**WORK REQUIRED**.
Write out exactly the lines below starting at the one containing "1 OF 2 TREATMENT" and ending at the one containing "Post-camp activities of". Omit every picture.

**GIVEN INFORMATION**.
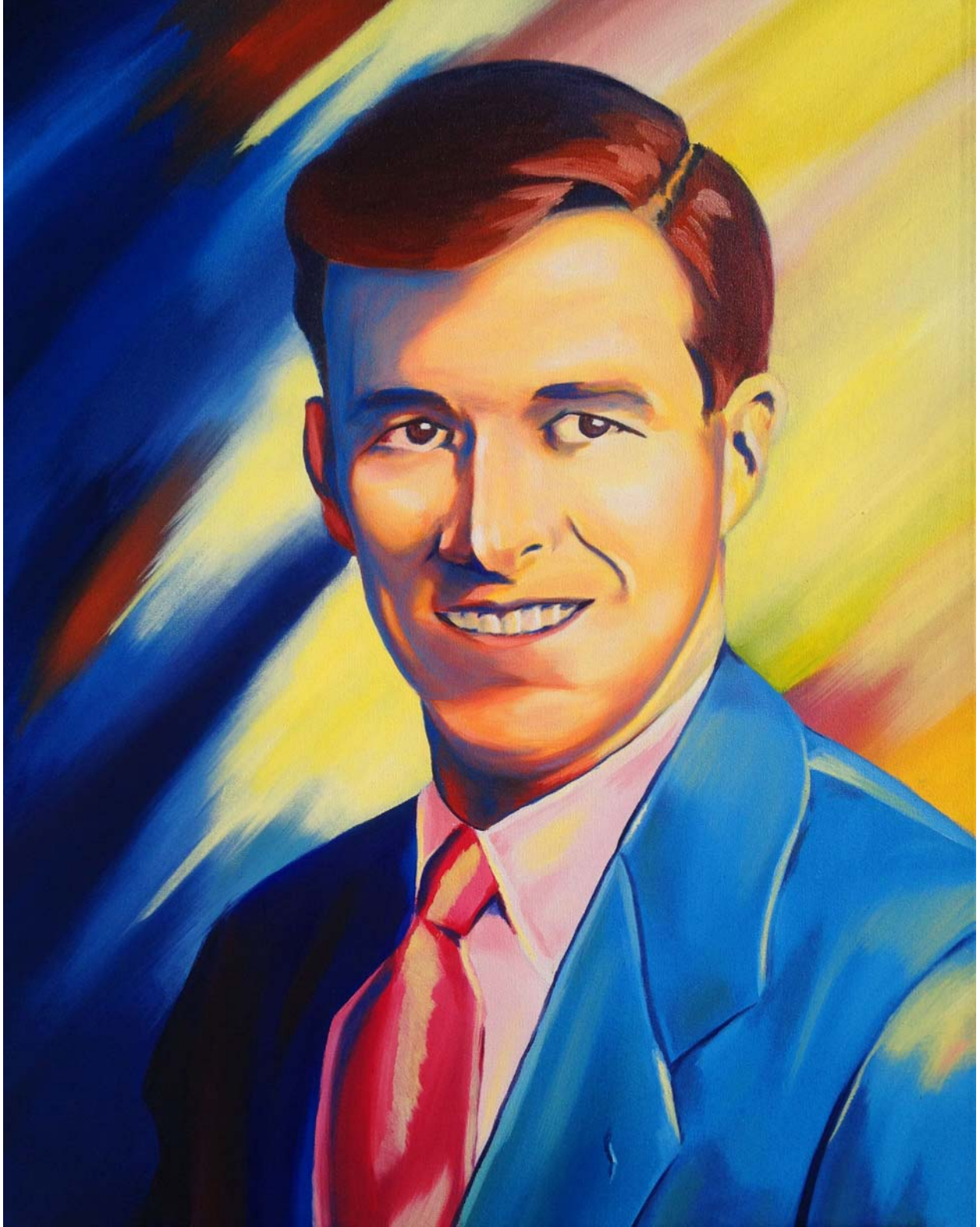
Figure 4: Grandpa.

---

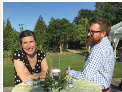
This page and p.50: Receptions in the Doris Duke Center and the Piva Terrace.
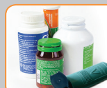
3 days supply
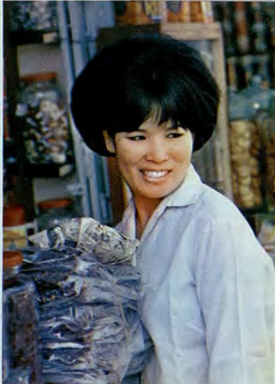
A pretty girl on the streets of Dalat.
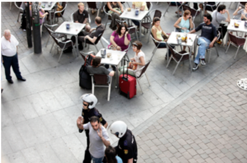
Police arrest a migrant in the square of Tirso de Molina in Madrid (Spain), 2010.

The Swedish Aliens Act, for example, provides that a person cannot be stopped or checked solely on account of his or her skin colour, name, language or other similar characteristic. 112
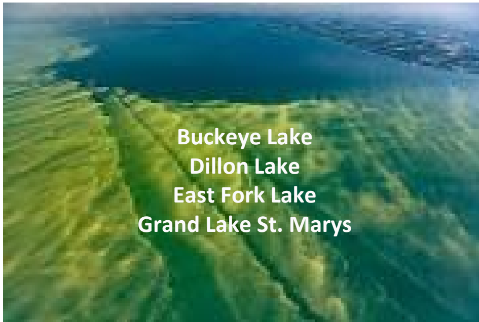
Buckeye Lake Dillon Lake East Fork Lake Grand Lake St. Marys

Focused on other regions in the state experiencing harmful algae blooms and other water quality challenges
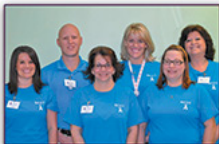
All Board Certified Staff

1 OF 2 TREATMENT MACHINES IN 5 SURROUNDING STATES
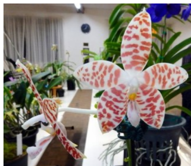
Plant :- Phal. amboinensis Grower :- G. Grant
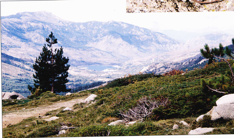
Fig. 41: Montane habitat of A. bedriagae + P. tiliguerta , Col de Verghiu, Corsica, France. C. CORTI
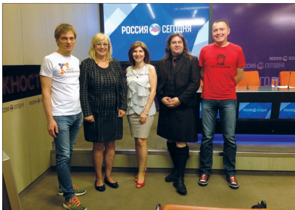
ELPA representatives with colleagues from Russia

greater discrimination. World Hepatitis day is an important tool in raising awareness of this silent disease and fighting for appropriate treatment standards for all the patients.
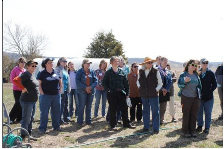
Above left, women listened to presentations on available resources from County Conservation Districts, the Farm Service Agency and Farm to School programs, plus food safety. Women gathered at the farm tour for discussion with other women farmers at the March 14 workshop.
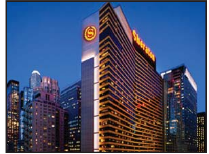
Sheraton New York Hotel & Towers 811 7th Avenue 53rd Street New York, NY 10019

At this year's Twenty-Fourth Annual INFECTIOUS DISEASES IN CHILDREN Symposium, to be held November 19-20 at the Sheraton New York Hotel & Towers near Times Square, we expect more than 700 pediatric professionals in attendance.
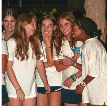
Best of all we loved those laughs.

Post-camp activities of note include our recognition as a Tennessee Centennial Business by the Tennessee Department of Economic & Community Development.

**SOLUTION FOR THIS PROBLEM**.
1 OF 2 TREATMENT MACHINES IN 5 SURROUNDING STATES
Plant :- Phal. amboinensis Grower :- G. Grant
Fig. 41: Montane habitat of A. bedriagae + P. tiliguerta , Col de Verghiu, Corsica, France. C. CORTI
ELPA representatives with colleagues from Russia

greater discrimination. World Hepatitis day is an important tool in raising awareness of this silent disease and fighting for appropriate treatment standards for all the patients.
Above left, women listened to presentations on available resources from County Conservation Districts, the Farm Service Agency and Farm to School programs, plus food safety. Women gathered at the farm tour for discussion with other women farmers at the March 14 workshop.
Sheraton New York Hotel & Towers 811 7th Avenue 53rd Street New York, NY 10019

At this year's Twenty-Fourth Annual INFECTIOUS DISEASES IN CHILDREN Symposium, to be held November 19-20 at the Sheraton New York Hotel & Towers near Times Square, we expect more than 700 pediatric professionals in attendance.
Best of all we loved those laughs.

Post-camp activities of note include our recognition as a Tennessee Centennial Business by the Tennessee Department of Economic & Community Development.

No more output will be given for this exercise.